## TASK STATEMENT:
Return the lines of the data below starting at the one holding "招桃花天然水晶冰种粉晶狐狸吊坠女芙蓉石旺夫防小三 玫瑰金饰品" and ending at the one holding "1954 Canada 6-note", word for word, leaving every picture out.

(MATERIAL FOR THIS EXERCISE begins)

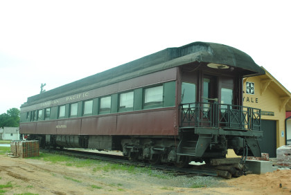 Canadian Pacific observation car "Metapedia" built in 1903. The heavyweight wooden dining car was converted to a parlor car in 1917 then converted to a business car in 1919 and named "Assiniboine". The car was upgraded with a steel undercarriage and side sheathing and was renamed "Metapedia" in 1929. Canadian Pacific retired the car in 1975 at which time it went into private ownership. The Kenneth Mitchell family donated "Metapedia" to the Oklahoma Territorial Plaza in 2013.
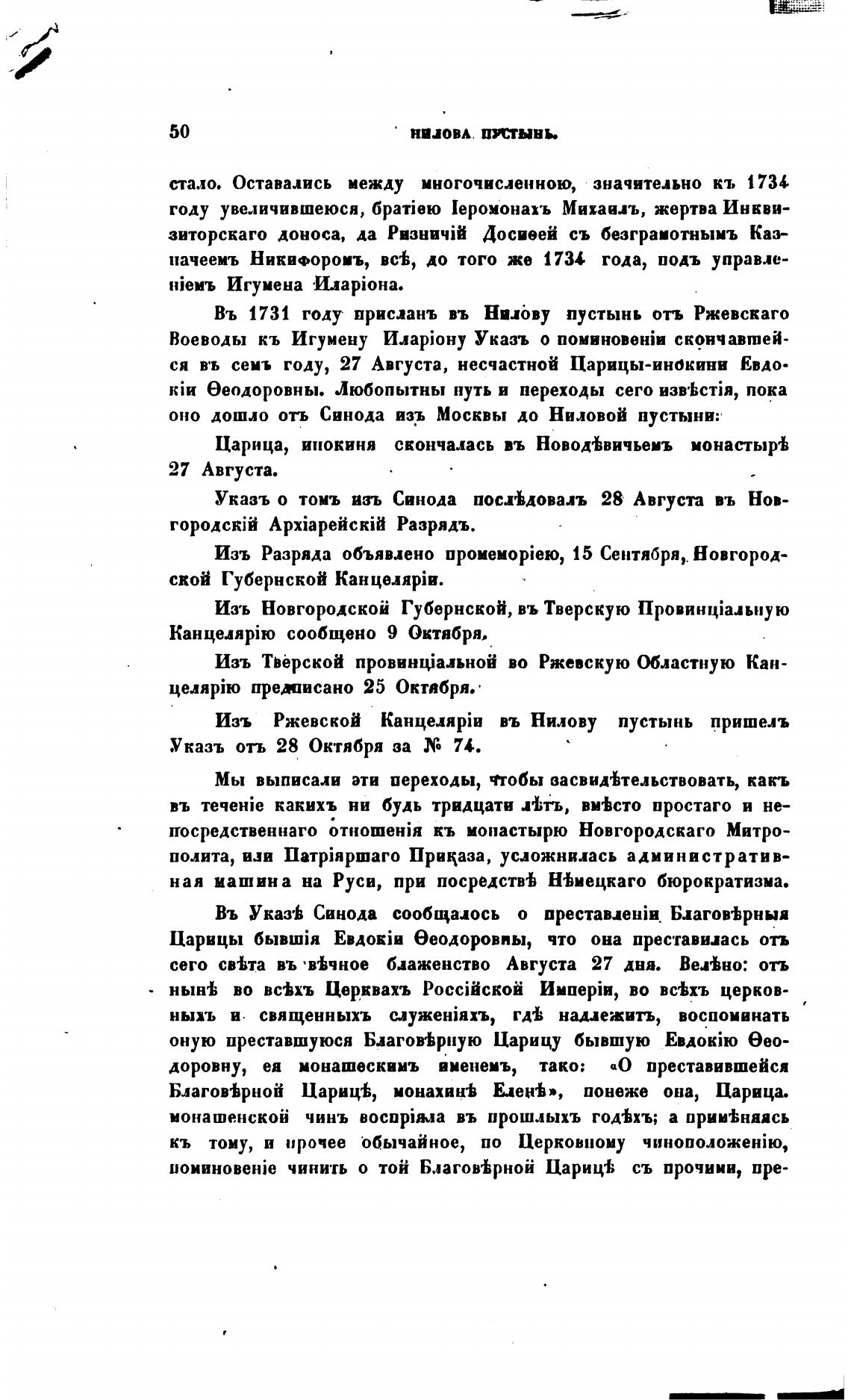 оно дошло отъ Синода из.ъ Москвы до Ниловой пустыни:
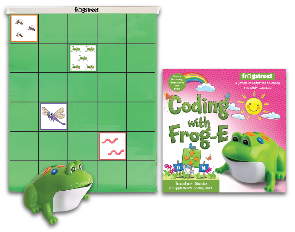 Coding with Frog-E includes several units of researched-backed, joyful STEAM learning activities designed for early learners by the Early Childhood Education experts at Frog Street. Lessons in Coding with Frog-E are connected to familiar experiences in a young child’s world and reinforce all STEAM concepts, including:
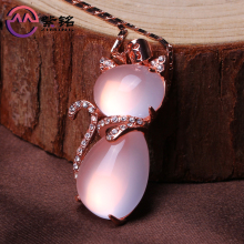 招桃花天然水晶冰种粉晶狐狸吊坠女芙蓉石旺夫防小三 玫瑰金饰品
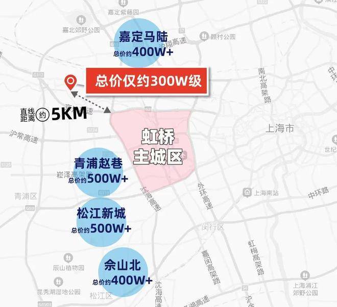 通过百度地图测距我们发现:安亭距离虹桥主城区直线距离仅约5公里,但总价仅约300万级!
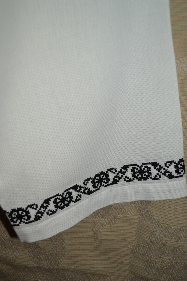 Traditional Sachsen trachten shirt in creamy-white cotton features black cross-stitch design embroidery details. Created with the look of the hand-stitched shirts made in every village of Siebenbuergen (Transylvania) by Oma .
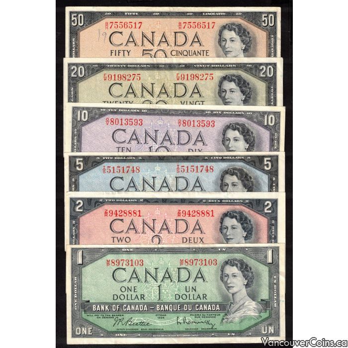 1954 Canada 6-note set $1 to $50 Beattie Rasminsky VF
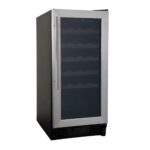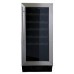 The 26-Bottle Built-In Wine Cellar is a perfect blend of style, innovation, and practicality, designed to elevate your wine storage experience. This sleek and sophisticated wine cooler offers ample space for up to 26 bottles, seamlessly integrating into your home or bar while maintaining the ideal conditions for preserving the rich flavors and aromas of your wine. With advanced cooling technology and electronic temperature control, it allows precise regulation for both red and white wines. The smooth glide-out chrome racks with wood trim offer convenience and luxury, while the double-pane glass door with a blue-gray tint and brushed aluminum trim enhances its aesthetic appeal and protects your wine from harmful UV rays. Whether you are a connoisseur or a casual enthusiast, this wine cellar brings both elegance and precision to your storage needs, ensuring your collection is kept in optimal conditions.
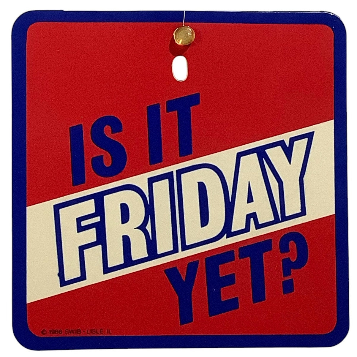Vintage 1986 Window Talk "Is it Friday Yet?" Suction Cup Sign 5" x 5" HD Plastic
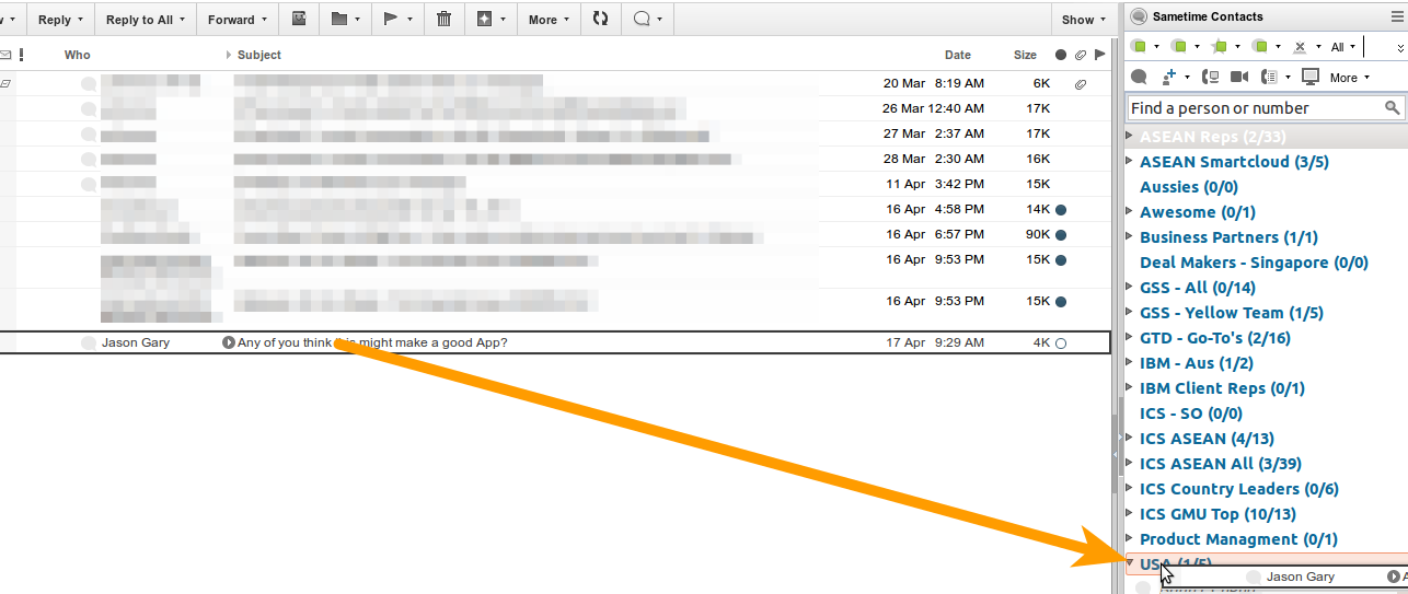 Figure 1: Drag an Email onto a Sametime Contact Group
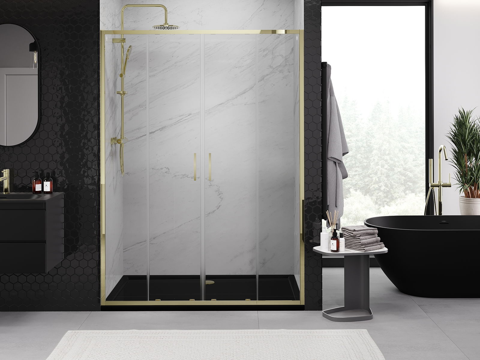 Mexen Exo Duebel Schiebedier 140 cm, transparent, gëllen - 8152-140-000-50-00

(MATERIAL FOR THIS EXERCISE ends)

## SOLUTION:
 招桃花天然水晶冰种粉晶狐狸吊坠女芙蓉石旺夫防小三 玫瑰金饰品
 通过百度地图测距我们发现:安亭距离虹桥主城区直线距离仅约5公里,但总价仅约300万级!
 Traditional Sachsen trachten shirt in creamy-white cotton features black cross-stitch design embroidery details. Created with the look of the hand-stitched shirts made in every village of Siebenbuergen (Transylvania) by Oma .
 1954 Canada 6-note set $1 to $50 Beattie Rasminsky VF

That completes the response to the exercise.